Sesto Pals , псевдоним Симиона (также Симона , Семёна ) Шестопали (урождённого Шестопал, также переводится как S(h)estopal , Sestopaly или Sestopali ; ок. 1912 — 27 октября 2002), был румынским и израильским писателем русского происхождения . В первую очередь поэт-философ, он также получил признание как художник-график. Впервые он стал известен в подростковом возрасте, когда, будучи другом и соратником Герасима Луки , он выпустил журнал Alge . Его авангардная эстетика и его испытание цензурой привели к их преследованию. В то время как Лука выстоял как публичный интеллектуал и основатель румынской сюрреалистической ячейки, Палс стал затворником.
Забытый широкой публикой, подвергавшийся антисемитским, а затем и коммунистическим преследованиям, он продолжал писать для себя и узкого круга друзей. Он сделал успешную карьеру в области гражданского и железнодорожного машиностроения, но политический нонконформизм привел к его маргинализации на часть 1960-х годов.
Переехав в Хайфу в 1970 году, Палс был заново открыт для последующих поколений румынских и израильских читателей, известных им по умеренному сюрреализму его поэзии и прозы, и, в меньшей степени, по его взгляду на гегелевскую философию . Его редакторский дебют пришелся на 80-е годы, когда Палс уже был прикован к постели и размышлял о смерти.
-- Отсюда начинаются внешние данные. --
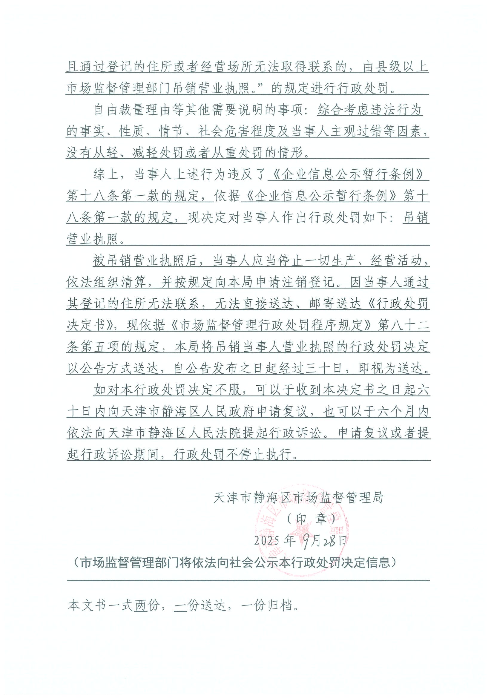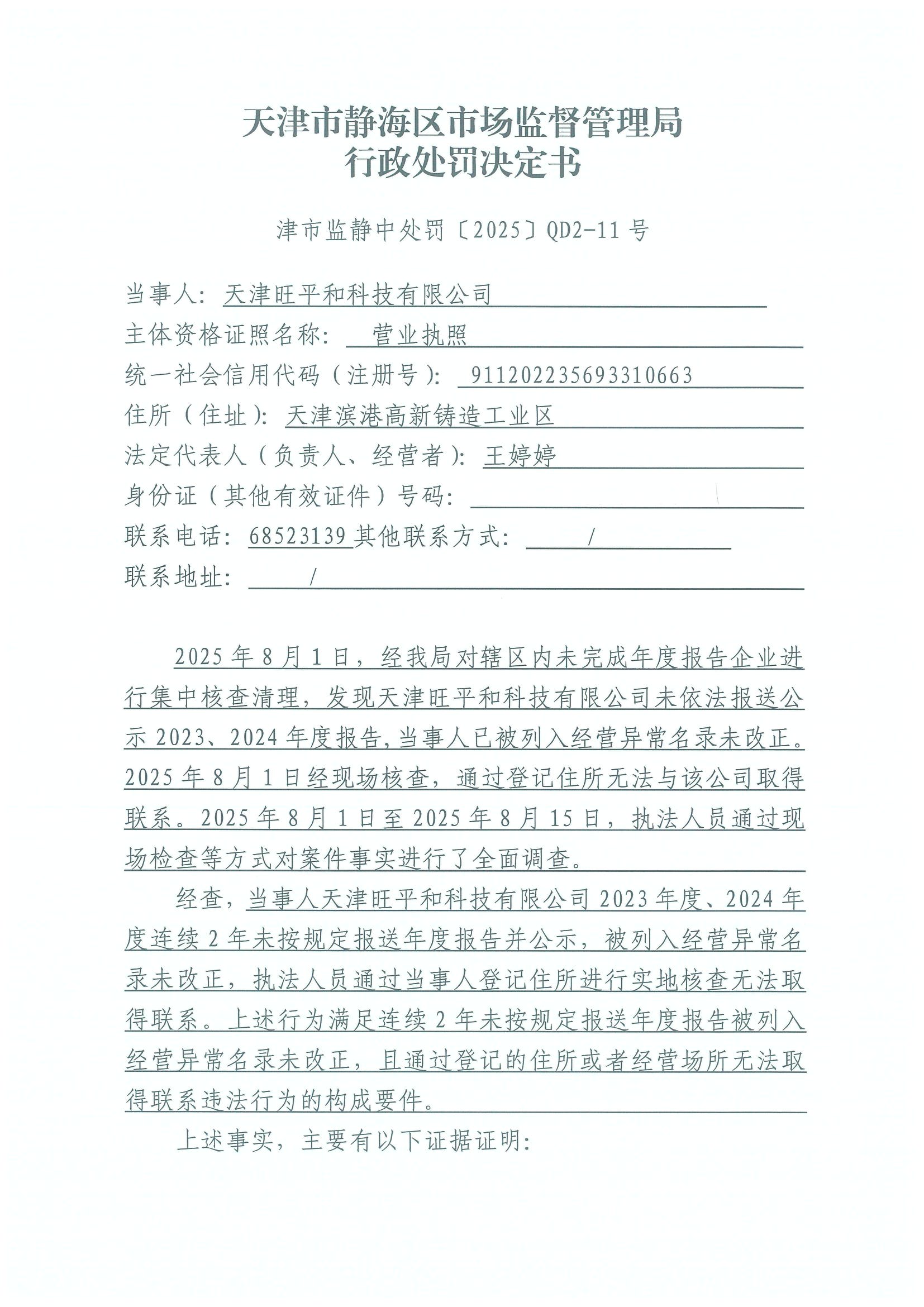 关于天津旺平和科技有限公司吊销决定公告

Это привело к его повторному открытию как автора как румынской , так и израильской литературы .
Симион «Сеня» [1] Шестопал, отпрыск украинской еврейской семьи, родился в Одессе , официально 18 сентября 1913 года, но более вероятно 5 сентября 1912 года. [2] [3] Отец писателя, известный позже как «Эманоил Шестопали», [3] [4] [5] [6] был евреем из Стамбульского университета , принявшим итальянское гражданство . [7] По словам историка литературы Овидия Крохмэлничану , знакомство поэта с еврейской мифологией и еврейским языком можно считать подсказкой о том, что он был зачислен в хедер . [8] С. Сфарти, работавший с поэтом-инженером в 1950-х годах, отмечает, что его имя было необычным в его приемной Румынии, из-за чего его этническую принадлежность было трудно определить, и оно никогда не обсуждалось в его офисе. [9] Фамилия, вероятно, произошла от русского прозвища «шесть пальцев» или «шесть пальцев на ногах», и Симион хвастался, что сам унаследовал лишний палец на ноге . [10]
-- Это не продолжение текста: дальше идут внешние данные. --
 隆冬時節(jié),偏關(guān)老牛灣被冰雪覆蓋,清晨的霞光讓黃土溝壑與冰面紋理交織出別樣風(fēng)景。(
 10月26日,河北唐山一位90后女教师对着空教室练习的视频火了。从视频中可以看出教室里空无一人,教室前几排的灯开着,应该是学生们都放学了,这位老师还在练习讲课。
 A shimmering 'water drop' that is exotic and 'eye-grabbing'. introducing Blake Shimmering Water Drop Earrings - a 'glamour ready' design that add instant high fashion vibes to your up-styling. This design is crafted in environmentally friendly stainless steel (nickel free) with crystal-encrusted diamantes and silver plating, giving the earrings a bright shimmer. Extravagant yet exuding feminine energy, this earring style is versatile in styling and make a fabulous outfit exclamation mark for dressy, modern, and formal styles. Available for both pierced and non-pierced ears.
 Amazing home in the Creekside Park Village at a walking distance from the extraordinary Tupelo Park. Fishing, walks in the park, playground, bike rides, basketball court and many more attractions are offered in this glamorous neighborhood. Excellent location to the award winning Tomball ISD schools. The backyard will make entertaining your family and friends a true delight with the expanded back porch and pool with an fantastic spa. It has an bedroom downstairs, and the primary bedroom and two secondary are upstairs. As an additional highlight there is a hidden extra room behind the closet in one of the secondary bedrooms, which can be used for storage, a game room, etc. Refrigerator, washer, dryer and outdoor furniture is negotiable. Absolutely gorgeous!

Симион жил в Одессе со своими родителями и братом Фимой до 1920 года, когда они были изгнаны из страны революционной войной . [4] Его отец продолжал пользоваться защитой итальянской дипломатической миссии, прежде чем переехал с семьей в Румынию и юридически изменил свое имя. [3] [4] [5] [6] В 1922 году трибунал в уезде Ковурлуй зарегистрировал его отказ от итальянского гражданства. [7] Мать Симиона, Берта, урожденная Берман, позже организовала переезд своих родственников в новую страну. [6] Они жили в Галаце , где Симион и Фима начали свое обучение, до 1923 года, затем переехали в Бухарест ; [3] [4] в 1930-х годах их домашний адрес был номер 6 на улице Брынковяну. [7]
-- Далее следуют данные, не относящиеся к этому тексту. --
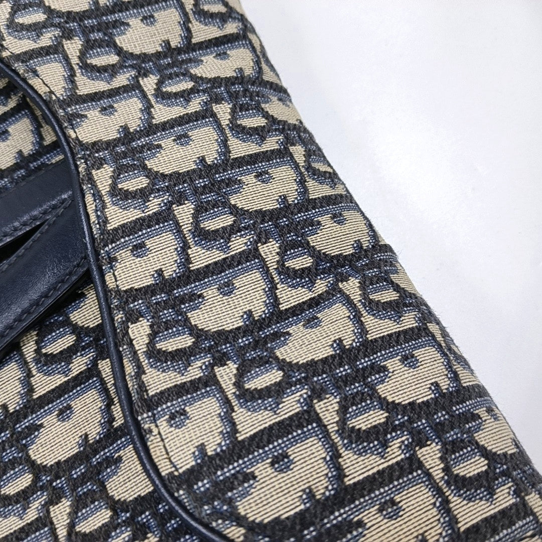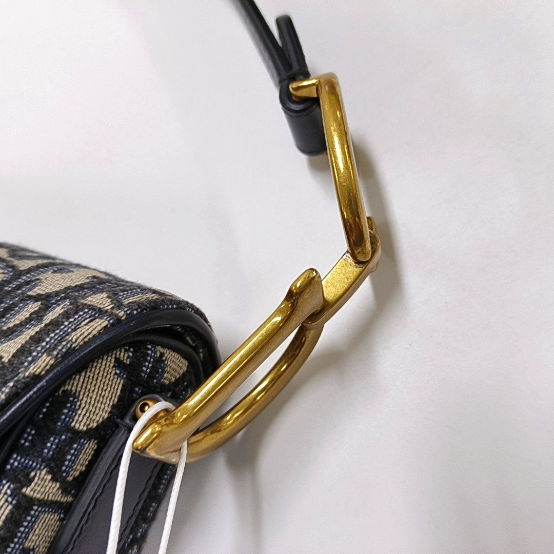 DIOR Saddle Small Size Blue Canvas Monogram Saddle Bag Single Shoulder Bag Golden Hardware-(SKU)-966733387
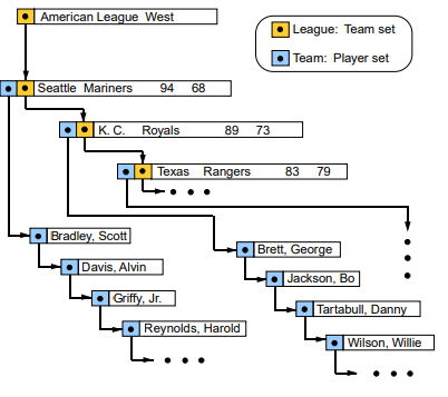 The illustration below shows the set relationships for the baseball example. The boxes represent instances of the league, team, and player record types. The arrows represent the links that connect the related records.
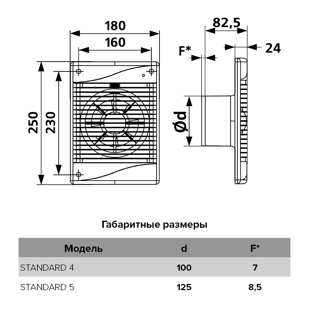Габариты без упаковки 250х180х115 мм Высота 180 мм Ширина 250 мм Цвет белый Тип установки настенный Вес нетто 0.75 кг Серия STANDARD Напряжение 220 В Мощность (Вт) 20 Класс защиты IP24 Производительность 185 м³/ч Диаметр воздуховодов 125 мм Уровень шума 36 дБ Установочная высота 130 мм Наличие датчика влажности нет Наличие таймера нет Москитная сетка нет Обратный клапан есть Вид канала круглый Брызгозащищенное исполнение есть Установочная длина 200 мм Монтажная глубина 58 мм Тип подшипника шариковый Наличие датчика движения нет
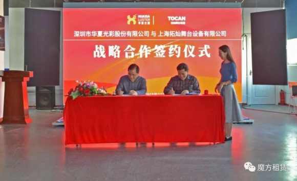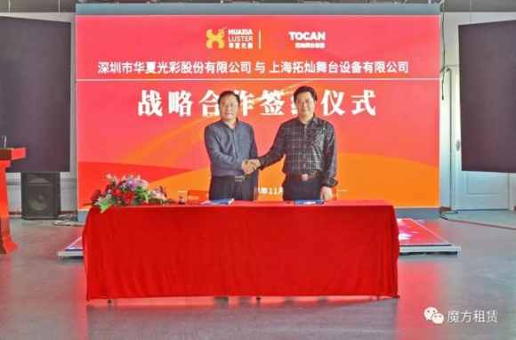 11月29日下午,深圳市 華夏光彩股份有限公司與上海拓燦舞臺(tái)設(shè)備有限公司舉行戰(zhàn)略合作簽約儀式 ,此次簽約分別由華夏光彩租賃事業(yè)部鄧?yán)鬣嚳偤蜕虾M貭N舞臺(tái)設(shè)備高福啟高總進(jìn)行簽約,此次簽約將分別結(jié)合雙方的生產(chǎn)優(yōu)勢(shì)、團(tuán)隊(duì)優(yōu)勢(shì)和渠道優(yōu)勢(shì),為L(zhǎng)ED租賃客戶提供快捷和即時(shí)的專業(yè)服務(wù),一起為華夏光彩租賃事業(yè)助力發(fā)聲。

Симион поступил в среднюю школу Матея Басараба , где он был коллегой поэта Герасима Луки. Разделяя школьную парту, они стали близкими друзьями. [2] [3] [4] [5] Они также общались с Аурелом Барангой , который учился в той же школе, но немного моложе. [3] В их круг также входили коллеги и поклонницы, среди которых были Генриетта Якобсон, будущая жена карикатуриста Сола Стейнберга , и Амелия Павел, позже эссеист и историк искусства. Павел, который отдыхал с Симионом в Совате летом 1930 года, вспоминал его как «милого и благовоспитанного юношу». [10] Тем не менее, все трое молодых людей имели привычку высмеивать культурные условности: Палса чуть не исключили из школы, когда он рассмеялся во время лекции о поэте-лауреате Василе Александри . [3] В 1930 году, не отставая от западноевропейского и румынского авангарда, Лука основал радикальный молодежный журнал Alge («Водоросли»), в сотрудничестве с Шестопали (номинальный «главный редактор»), [3] Барангой и Жюлем Перахимом; позже к ним присоединился Пол Пэун . Шестопали экспериментировал с литературными псевдонимами, иногда подписывая свои работы для Alge как Д. Ампрент [1] [4] [6] [11] а затем, впервые, как Сесто Палс . Квази-анаграмма его румынского имени-инициала, иногда исправлялась на Шесто Палс в более поздних ссылках, но поэт всегда подписывал свои работы без диакритических знаков. [12]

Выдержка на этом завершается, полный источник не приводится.